For his part, Argentina coach Scaloni was asked about the Hand of God and pulled off a move that would make a diplomat proud. NPR reports he said: 'I think all of the world remembers that game, remembers Diego's performance, remembers above all the second goal.' The second goal, for the uninitiated, was one of the greatest goals ever scored in any sport by any human being. The first goal was a straight-up cheat. Scaloni knows exactly what he was doing there.
Someone Unfurled a Falklands Banner on the Pitch
After the game, with Argentina celebrating on the field, midfielder Giovani Lo Celso, who didn't even play in the match, unfurled a white banner reading 'Las Malvinas son Argentinas,' which translates to 'the Malvinas are Argentine.' The Malvinas is the Argentine name for the Falkland Islands. NPR reports the banner appeared to originate with Argentine fans in the stands.
So to recap the postgame scene: Argentina players celebrating a World Cup final berth, English players gutted on the pitch, and a substitute who didn't play waving a territorial sovereignty banner. This is what a rivalry looks like when it has forty years of genuinely complicated history behind it. The FIFA disciplinary committee is going to have a fun morning.
England's Long Walk Continues
England has not been to a World Cup final since 1966, when they won the whole thing on home soil. That is sixty years of waiting. In that time they have lost a Falklands war over some islands in the South Atlantic, watched Maradona cheat them with his hand and then score on them with his feet, and lost in the Euros final in both 2020 and 2024. And now this: leading a World Cup semifinal with thirty minutes to play, only to lose 2-1. Same score as their 2018 semifinal exit, by the way. Same. Score.

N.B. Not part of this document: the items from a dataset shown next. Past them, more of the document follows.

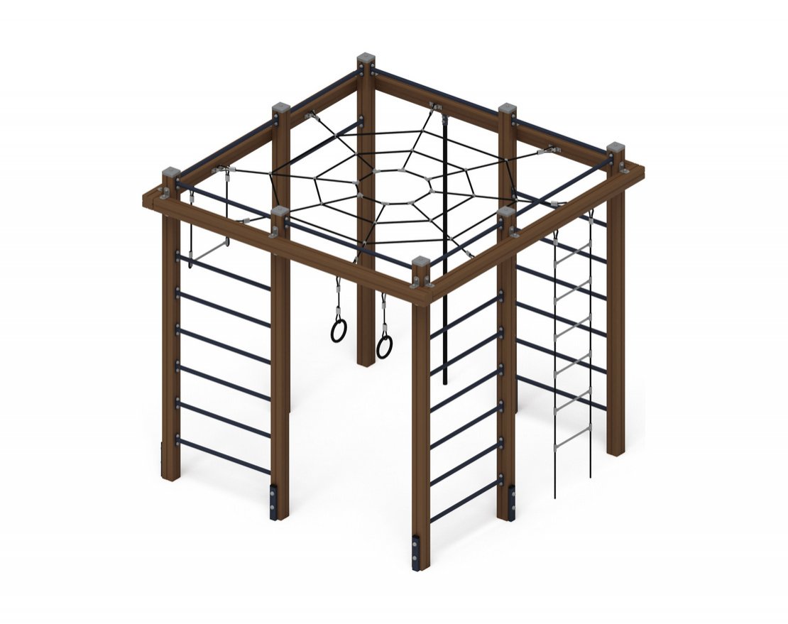Выполнена из шести-прядного армированного полиамидного каната тросовой свивки диаметром 16 мм, на брус обвязки стоек крепиться при помощи скоб через коуши. Канаты в местах пересечения фиксируются при помощи пластикового крестообразного соединителя для канатов диаметром 16 мм. Канаты помещаются в пазы соединителя, которые защёлкиваются между собой и фиксируются саморезом. Концы канатов заканчиваются коушем и фиксируются зажимной втулкой. Габариты 2370х2370 мм.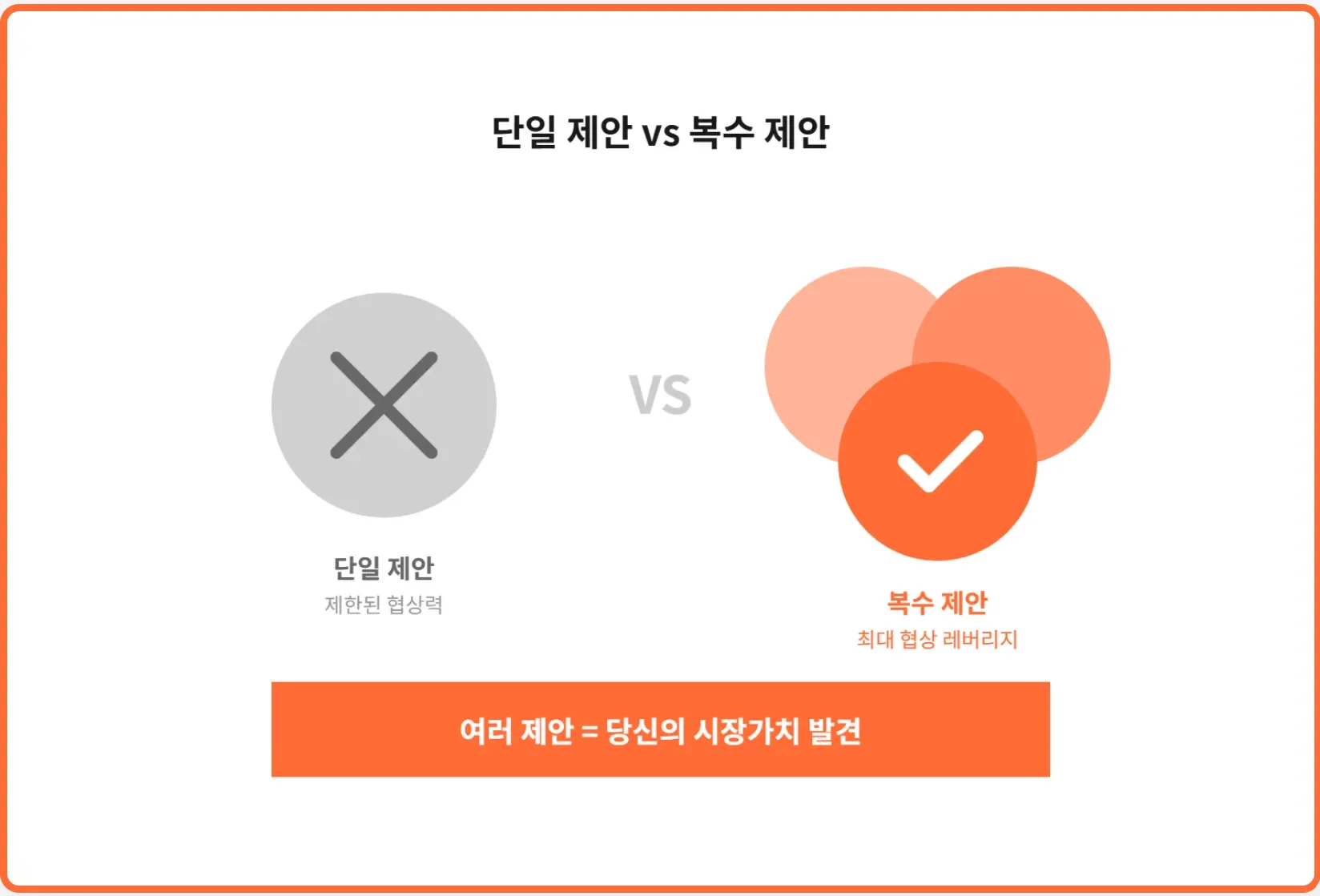 다른 선택지가 없으면 협상 테이블에서 불리할 수밖에 없습니다. 반면 여러 제안을 비교하는 상황이라면, "다른 곳에서도 좋은 제안을 받았다"는 사실 자체가 레버리지가 됩니다.
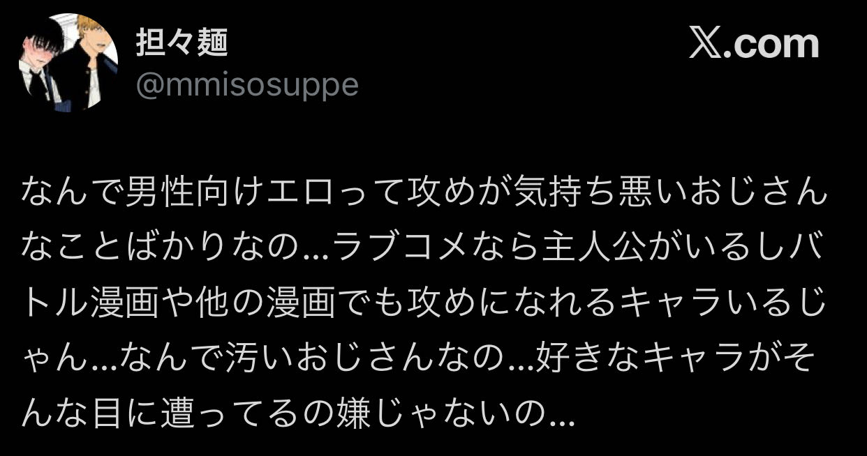 | … | 9026/03/30(月)19:39:54No.1415790178そうだねx8女が性欲の対象にして描いてるねっとりしたイケメン竿役のキモさはおっさんの比ではない |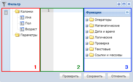 - Для проверки правильности формулы фильтра нажмите кнопку Проверить, при наличии ошибок будет выведено сообщение о них.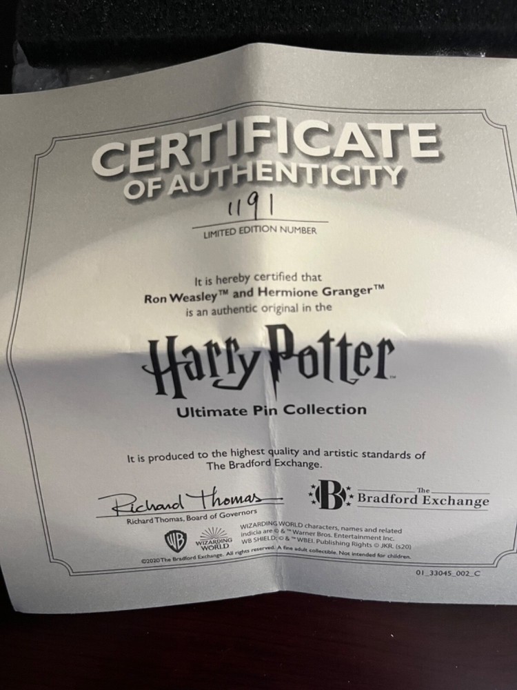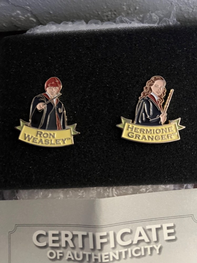 Bradford Exchange partnered with Warner Brothers and created a limited edition pin collection. This listing is for the Hermione and Ron pins. The set comes with the COA and this set is # 1199 and was available in 2020. Please see the photos. All sales are final. I will combine shipping whenever possible and I am selling my entire Harry Potter Collection. Please review photos carefully. All sales are final and items are sold as is.
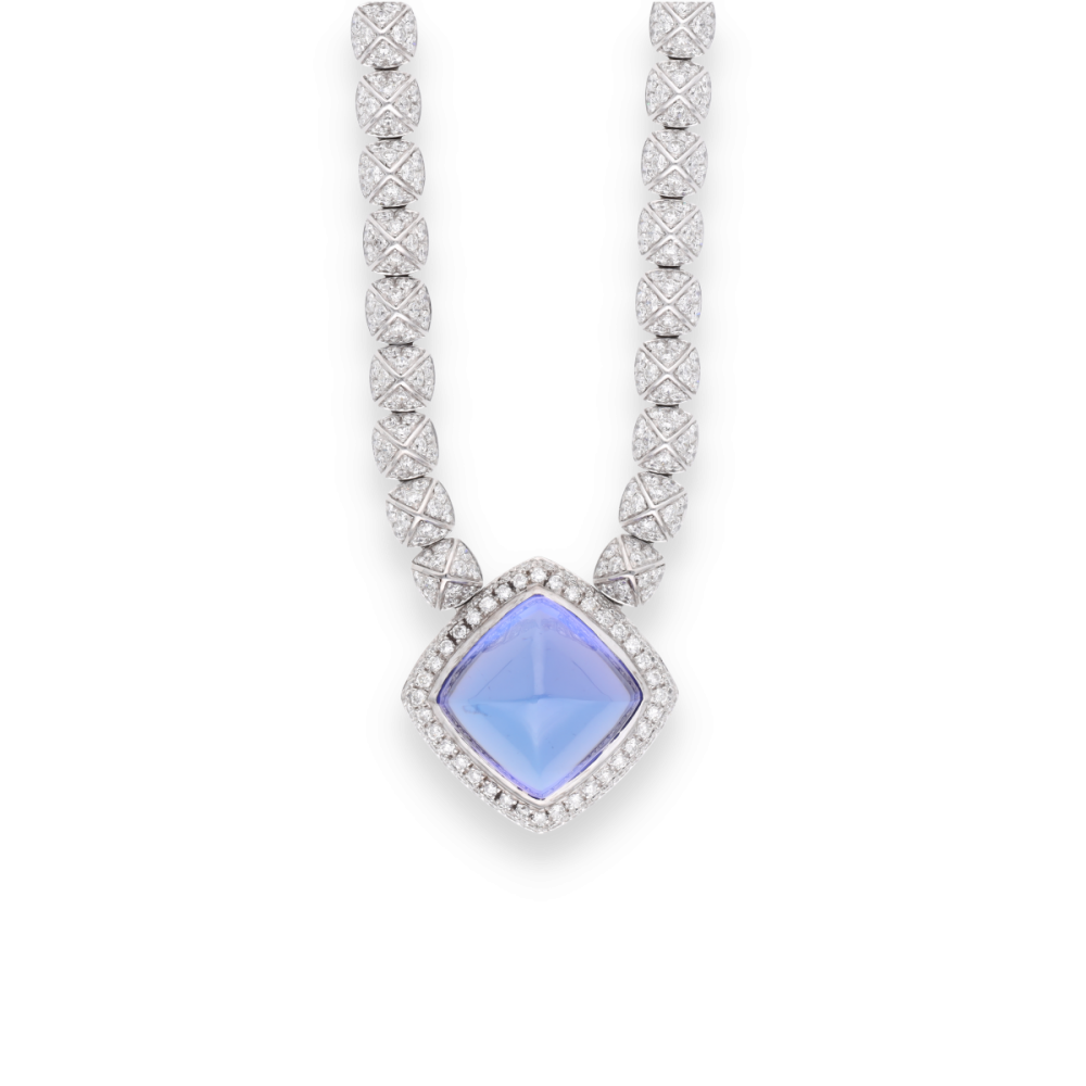 Collier FRED "Pain de sucre" en or gris, tanzanite et diamants.

The crowd at Mercedes-Benz Stadium in Atlanta was, per NPR, raucous and ear-splitting. Thousands of Argentine fans in the white and sky blue stripes. English fans in all white or all red. Kane and Bellingham couldn't produce the moment England needed. Messi, who by all reasonable human logic should be retired and playing golf somewhere, produced two.
The Dingo Take
Look. Sports is one of the few places left where you can watch something genuinely dramatic and have it mean something without needing to parse anyone's motives or check the funding sources. Argentina versus England at the World Cup, in Atlanta of all places, with a 39-year-old Messi threading crosses in stoppage time while English fans watch another final slip away, is just objectively great television. It's okay to appreciate that.
But it's also worth sitting with the specific cruelty of England's situation. They scored first. They held the lead for half an hour. Then the dam broke, and now they go home while Argentina plays Spain on Sunday for a second consecutive title. Harry Kane's quote, the one about struggling to keep the ball 'for one reason or another,' is going to haunt English soccer for years. It's the kind of thing you put on a plaque. A very sad plaque.
As for Messi: the man is thirty-nine years old and just assisted both goals in a World Cup semifinal comeback against England. He will now play in a second straight World Cup final. At some point the conversation stops being about legacy or GOAT debates and becomes something closer to just watching a natural phenomenon do its thing. You don't debate whether a hurricane is good at being a hurricane. You just watch it, slightly horrified, and take notes.